- Location: Kenai Peninsula, Alaska
- Coordinates: 56°51′35″N 154°01′05″W﻿ / ﻿56.8596°N 154.0181°W
- Primary inflows: Humpy Creek
- Basin countries: United States
- Max. length: 1 mi (1.6 km)
- Max. width: ≥1 mi (1.6 km)
- Average depth: 60 ft (18 m)
- Max. depth: ≥300 ft (91 m)
- Frozen: Never

= Humpy Cove =

Humpy Cove is an inlet of Resurrection Bay on the Kenai Peninsula of the U.S. state of Alaska. Located 11 miles from Seward, it has the shape of a whale's tail, and consists of two smaller bays. The cove is often used as an anchorage for recreational boaters. It received its name from the plentiful returns of pink salmon that spawn in Humpy Creek, the inflow of the southern bay. The cove is a popular tourist destination as well, due to Orca Island Cabins and kayak tours offered by Miller's Landing.

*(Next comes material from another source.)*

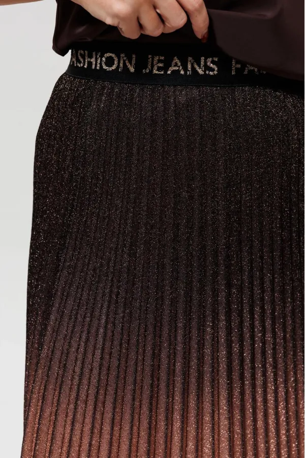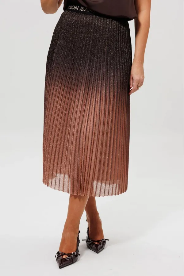 Эта модная юбка гофре с градиентом (Арт. 1276) станет ярким акцентом в вашем гардеробе. Модель выполнена в технике гофре и окрашена в изысканный градиент — от глубокого шоколадного верха к нежному светло-коричневому низу. Широкая резинка на поясе обеспечивает идеальную посадку по фигуре и максимальный комфорт. Юбка в складку отлично сочетается с базовыми топами (арт.1164), водолазками(арт 810) и укороченными жакетами, позволяя создавать стильные повседневные и вечерние образы. Размеры 46-52

Humpy Cove has runs of rockfish, halibut, coho salmon, chinook salmon, and chum salmon as well as pinks, and a popular fishing spot is near the Iron Door, the remains of a searchlight and bunker from World War II. The cove contains the only road on the Resurrection Peninsula, a stretch of pavement leading to the aforementioned searchlight.